Selon les études, les effets des réseaux d’apprentissage professionnels apparaissent très variables. Ils
varient également d’un participant à l’autre. Ils concernent aussi bien le soutien moral et affectif que l’apport
de ressources ou de stratégies d’enseignement. Cette participation aurait toutefois des effets limités sur
le développement professionnel de ses membres du fait de l’absence d’élaboration collective ou de
discussions approfondies sur les pratiques ou sur les apprentissages des élèves.
Effets des communautés d’apprentissage professionnelles sur le DPE
Les travaux sur les communautés d’apprentissage se réfèrent aux théories de Wenger (1998), pour qui
une communauté de pratique est un groupe qui interagit, apprend ensemble, construit des relations et, à
travers ces processus, développe un sentiment d’appartenance et d’engagement mutuel.
Vangrieken, Meredith, Packer et Kyndt (2017) identifient deux types de communautés susceptibles de
favoriser le DPE : la communauté orientée et la communauté formative. Les communautés orientées fixent
préalablement les buts et l’organisation de travail. Dans ce type de collectif, les objectifs sont de permettre
d’échanger sur les conceptions et les pratiques, de partager des informations et des ressources, et de
discuter des stratégies d’enseignement et des apprentissages de leurs élèves en vue de les faire
progresser.
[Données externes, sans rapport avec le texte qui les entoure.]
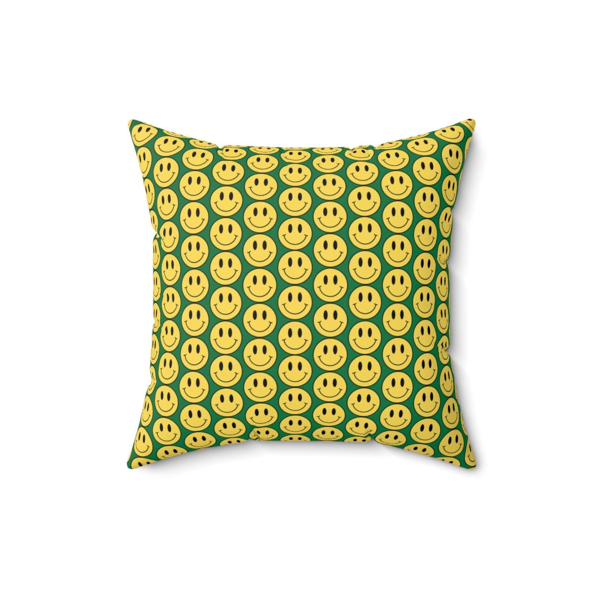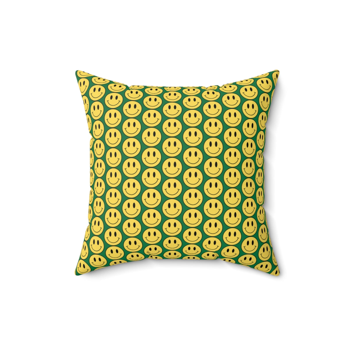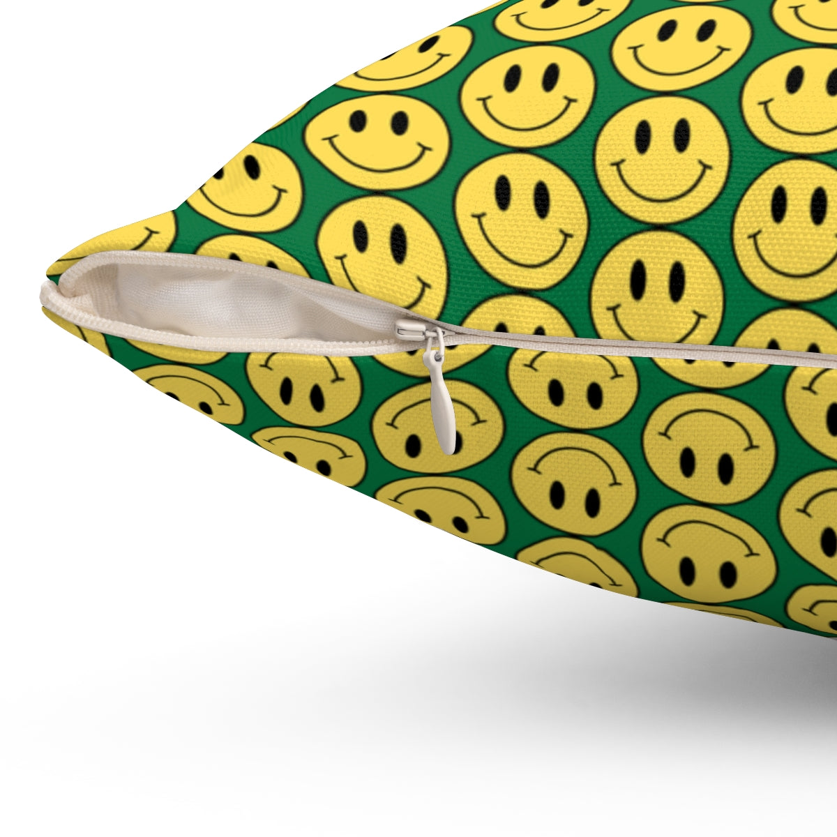 Yellow and Dark Green Smiley Face Pattern Spun Polyester Square Pillow

À l’inverse, dans les communautés formatives, les objectifs et les modalités de travail
s’élaborent et se négocient en fonction des attentes et des besoins des membres.
Proches des communautés orientées, les collectifs qu’on pourrait décrire comme appartenant au type
ruche, comme Sésamath
(Quentin, 2014), imposent des règles strictes de fonctionnement; les tâches
sont clairement réparties et planifiées entre les membres qui doivent respecter leurs engagements.
Contrairement au « bac à sable » où la promotion des individus est importante, ici c’est le groupe qui
prime.
La participation à ces communautés d’apprentissage « orientées » favoriserait la motivation, l’estime et la
confiance en soi, le sentiment d’efficacité personnelle et l’engagement dans le métier (Peters et Savoie-
Zajc, 2013), sur la durée (Lantheaume, 2016). Elle apporterait un soutien émotionnel important et un
encouragement à la prise de risque (Lantz-Andersson, Lundin et Selwyn, 2018). Elle enrichirait le
répertoire des stratégies d’enseignement plus centrées sur les élèves et permettrait un meilleur alignement
entre le curriculum réel et le curriculum caché (Vangrieken et al., 2017). L’engagement dans de telles
communautés favoriserait donc le développement professionnel.
Communautés et obstacles au DPE
D’autres études expriment à l’inverse des réserves sur la capacité de ces communautés à favoriser le
développement professionnel des enseignants.
Le premier obstacle est relatif à la nature et à l’intensité de la participation, qui conditionnent le succès
d’une communauté selon Wenger (1998). Les travaux pointent de nombreux freins, liés à la taille de la
communauté (Drot-Delange, 2001), aux statuts des membres (Caviale et Bruillard, 2009) et au manque
d’ancienneté dans la communauté (Audran et Simonian, 2009). Le second obstacle est relatif à la difficulté
des enseignants à exposer leurs pratiques et à développer des interactions à partir de celles-ci.